New guidance, published by the British Association of Perinatal Medicine (BAPM), updates the guidelines for the treatment and care of extremely preterm infants.

This Roundup accompanied an SMC Briefing.

 

Prof Alastair Sutcliffe, Professor of General Paediatrics, University College London (UCL), said:

“This new guidance is an accurate summary of a position statement representing key stakeholders in the field of neonatal care.

“This is accurate and reflects an incrementally changing field. The BAPM attempts to summarise an area of medical practice which is innovative and continually improving the prospects for tiny human beings.

“The first rule of medicine is primum non nocere and hereby hangs the conundrum. When it is now recognised that babies born as early as 22 weeks gestation can survive, when is their prognosis sufficient to consider full supportive intensive care rather than palliative care?

“This document attempts to summarise good practice and emphasises the issue of parental involvement. But this in itself represents a limitation, as in the challenging unplanned situation parents find themselves with a very premature baby optimal decisions/ so called informed consent is not easy/ well-nigh impossible.

“One limitation of this report is that all data on premature babies is implicitly out of date by the time it has been collated and analysed often representing outcomes of 5 years or more ago rather than today. Promisingly the general trajectory is up, year on year incrementally care is able to improve prospects for these tiny babies and as yet there is no impasse. I for one welcome this clearly written report.”

 

Prof Andrew Whitelaw, Emeritus Professor of Neonatal Medicine, University of Bristol, said:

“This is an important and very useful document for all staff dealing with very early deliveries and it has arrived at the right time. It is based on the best available evidence and also a wealth of professional real-world experience in the authors. A decade or so ago the available evidence made 23 weeks gestation the threshold at which it may or may not be in the best interests of a baby to be offered high-tech life support and the parents’ wishes should be taken into account in deciding between intensive and palliative care.
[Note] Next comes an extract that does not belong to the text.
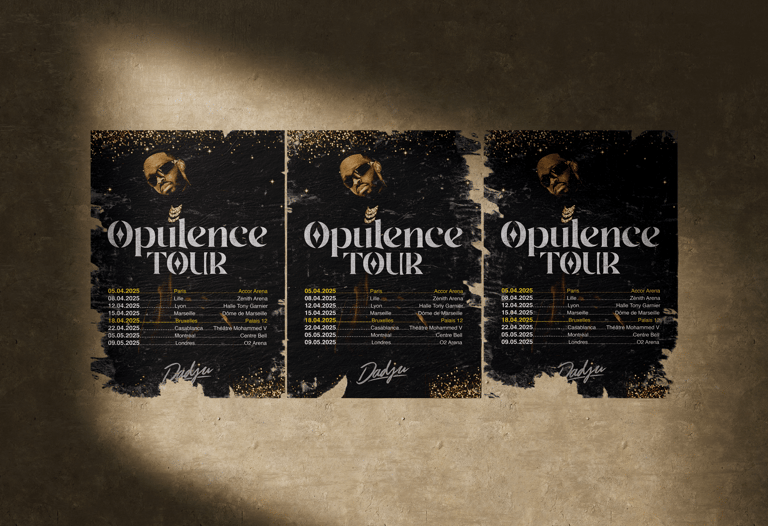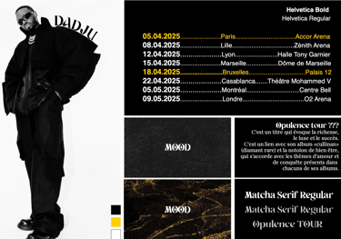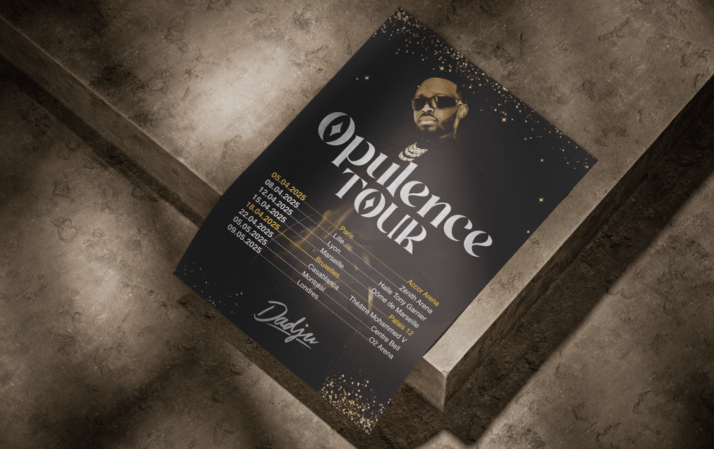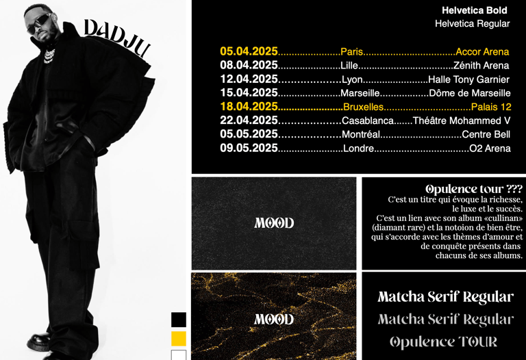 Création d’une affiche percutante pour une tournée imaginée de l'artiste "Dadju", alliant composition visuelle forte et effets graphiques développés de manière autodidacte.

“The best evidence from Europe and the USA now indicates that the threshold has shifted to 22 weeks gestation when it can be in the baby´s best interests to choose palliative care because the chances of death or severe disability are so high.

“The document wisely refrains from being too fixed on the number of weeks and takes into account the difficulty sometimes of knowing gestational age, unexpectedly bad or good condition at birth and different attitudes to what is unacceptable disability.
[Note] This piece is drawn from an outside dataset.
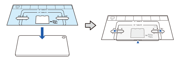 Helyezze az illesztési sablont a táblagépre az alábbi útmutatás alapján, majd rögzítse.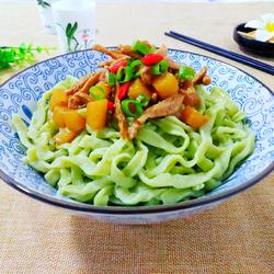 17.Put the flour into the pot, add the spinach juice and stir evenly

“Useful suggestions on discussion and information to parents are given, making the point that, as hours or days pass, the outlook, and therefore plans, may change. Sometimes very premature birth is unexpected and very rapid so there is no time to inform, discuss or listen to the parents´ attitudes before the birth and helpful advice is given on this.

“The document is particularly good at helping staff to present different types and levels of risk to parents who usually will never have had to consider such issues before.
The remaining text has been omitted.